VII. Colonizing the Carolinas

 

  1. In England, King Charles I, had been beheaded. There was a civil war in the 1640’s.
  2. Oliver Cromwell ruled for 10 very strict years.
  3. Englishmen restored Charles II to the throne in “the restoration” of 1660.
  4. Carolina was named for Charles II.
    • The king granted land to court families who hoped to grow foodstuffs.
  5. Carolina prospered by developing close economic ties with English West Indies. Many settlers came from Barbados and established a slave trade in Carolina. Native Indians were looked for to be slaves.
    • Lord Proprietors in London protested against Indian slave trading. Indian slaves were sent to the West Indies to work. Others were sent to new England.
    • In 1707 Savannah Indians ended allegiance with Carolinas and migrated back to Maryland and

    • Pennsylvania where a Quaker colony promised better relations between Indians and Whites.

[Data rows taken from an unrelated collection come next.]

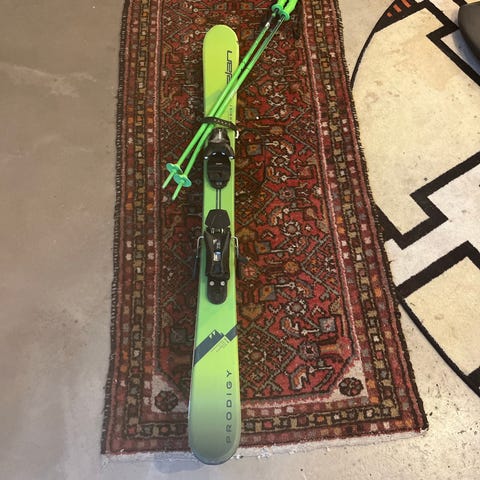 cm. Skiene er sorte og designet til alpint skiløb. Materialet og konstruktionen er tilpasset for at give stabilitet og kontrol på pisten.
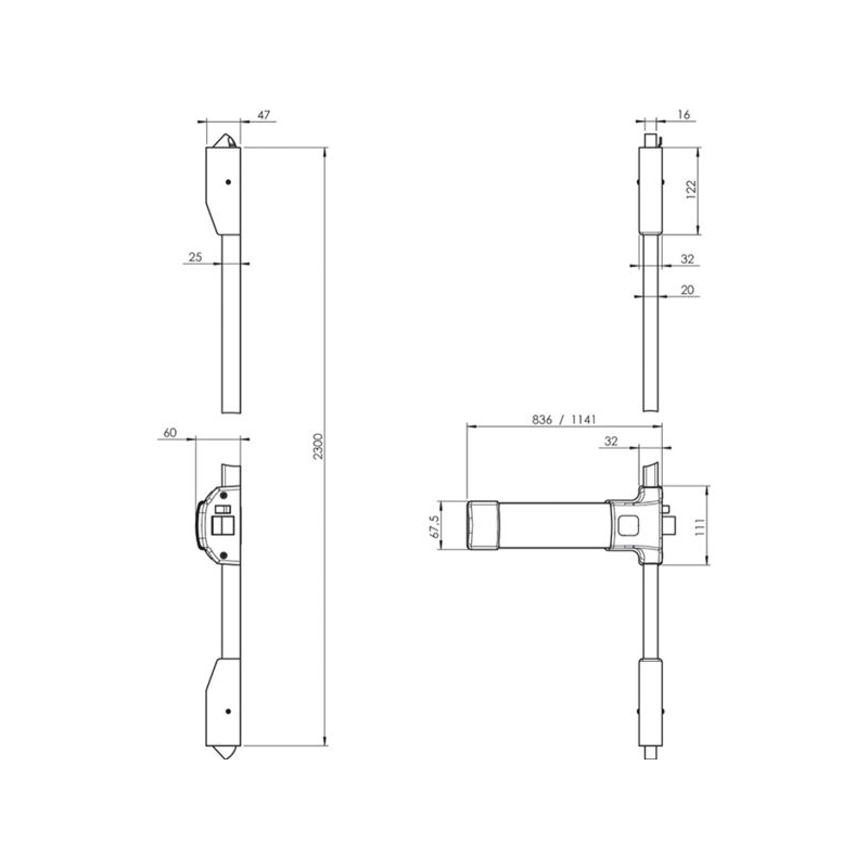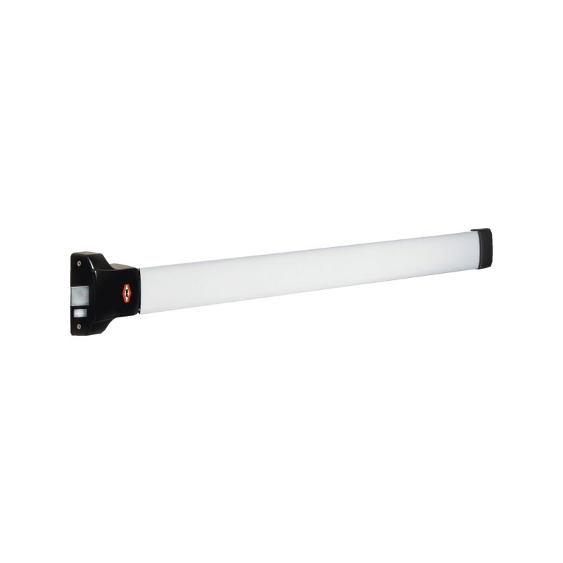 Fermeture antipanique à barre d'enfoncement. Réversible. Ouverture sous faible poussée. Résistance aux tentatives d'ouverture extérieure (contre-pêne de sécurité). Très haute résistance à la corrosion 240 h (brouillard salin). Coupe-feu, pare-flamme (CF/PF) 2 h. Répond à la norme EN 1125. Largeur maxi. : 1141 mm Conditionnement : boite 80% recyclable.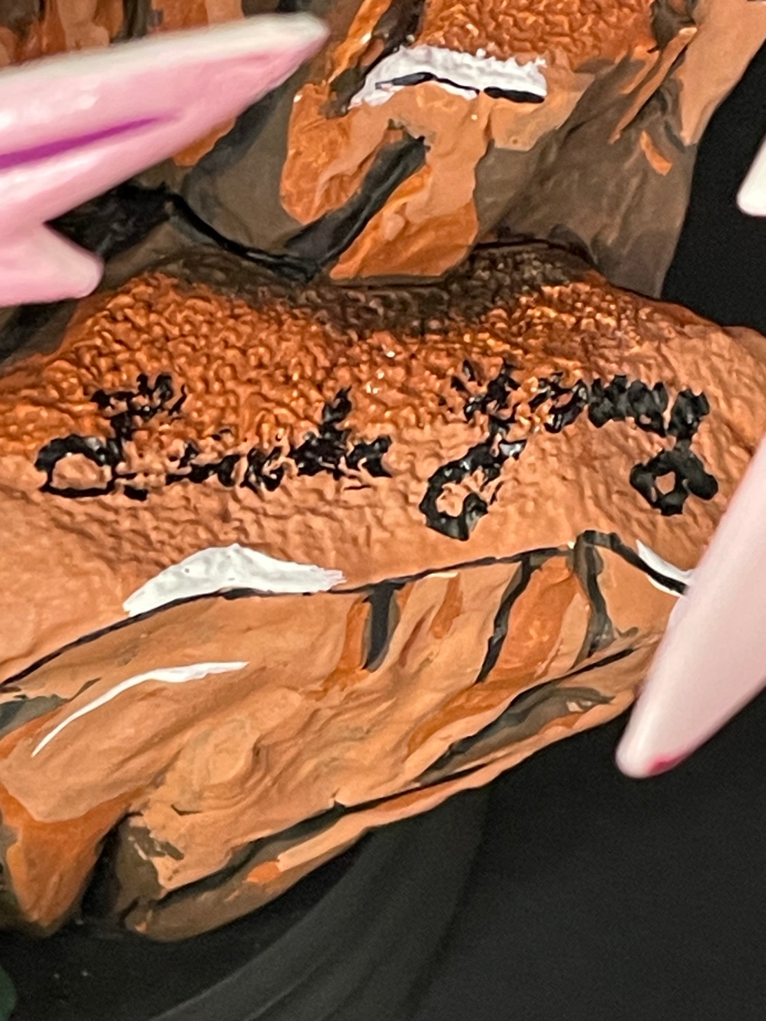 This Frieza PVC figure is hand painted by the famous anime artist MrAnimeWorks1. This figure has been painted in the cel shaded style and looks amazing on any display. This figure blends well against matte black backgrounds creating an almost 2 dimensional look to the item. This figure was taken with us to Dothan Alabama to the Dothan AnimeFest in the Summer of 2024, where we met Frieza voice actress Linda Young. She was generous enough to sign the piece. This is a ONE of a kind painted piece. A MUST have for any DBZ fan. Especially Frieza fans.

Carolinians killed a lot of them before they left though.
    • Rice emerged as the principal export crop. Africans knew how to grow it, and had a relative immunity to malaria which made them ideal laborers on hot and swampy rice plantations.
  6. In Charlestown Jews and others were attracted by religious tolerance despite violence with Spanish and Indians. Carolinas were too strong to be wiped out.

 

VIII. The emergence of North Carolina

 

  1. Newcomers to North Carolina were called squatters. They were people from Virginia and owned no land.
    • North Carolinians regarded them as riff-raff. They were also hospitable to pirates, and they developed resistance to authority. They existed in graphical isolation.
  2. North Carolina separated from South Carolina in 1712.
  3. Aristocratic and wealthier people were down south around plantations. The strong willed and independent minded lived up north. North Carolina and Rhode Island were the most independent and least aristocratic.
  4. They had bloody relations with Indians. Aided by south Carolinians they crushed the Indians in Tuscarora War, where they sold hundreds into slavery. South Carolina also defeated Yamasee Indians. Virtually all Indian southern tribes had been devastated by 1720.

 

IX. Late-coming Georgia: The Buffer Colonies

 

  1. Georgia- The last of 13 colonies was formed 126 years after the first colony and 52 years after the 12th colony.
    • It was intended to be a buffer to protect the Carolinas from the in Spaniards in Florida and buffer against French from Louisiana. They got money from the British.
    • Georgia was named in honor of King George II. It was launched by philanthropists made silk and wine, haven for wretched souls imprisoned for debt, the founders wanted to keep slavery out of Georgia.
  2. James Oglethorpe was the ablest of the founders and a dynamic soldier. He was a statesman, repelled panish attacks and saved the “charity colony” by his energetic leadership and by using his own fortune to help with the colony,.
  3. Georgia was a melting pot community.
    • All Christian worshippers except Catholics enjoyed religious tolerance.
    • Many missionaries arrived in Savannah to work among debtors and Indians, they tried to convert them. John Westley was one of them who later returned to England and founded the Methodist church.
  4. Georgia grew very slowly it was the least populous. It had an unhealthy climate, slavery restrictions and Spanish attacks.

 

X. The plantation colonies

 

  1. Slavery was found in all the plantation colonies devoted to exporting commercial agriculture products and profitable staple crops.
    • Growth of cities was often stunted by forests. Wide scattering of plantations and rivers slowed the development of cities as well. Rivers drove settlers west.
  2. All plantation colonies permitted some religious toleration.
    • In the south crops were tobacco and rice. In south Carolina there was “soil butchery” because of tobacco.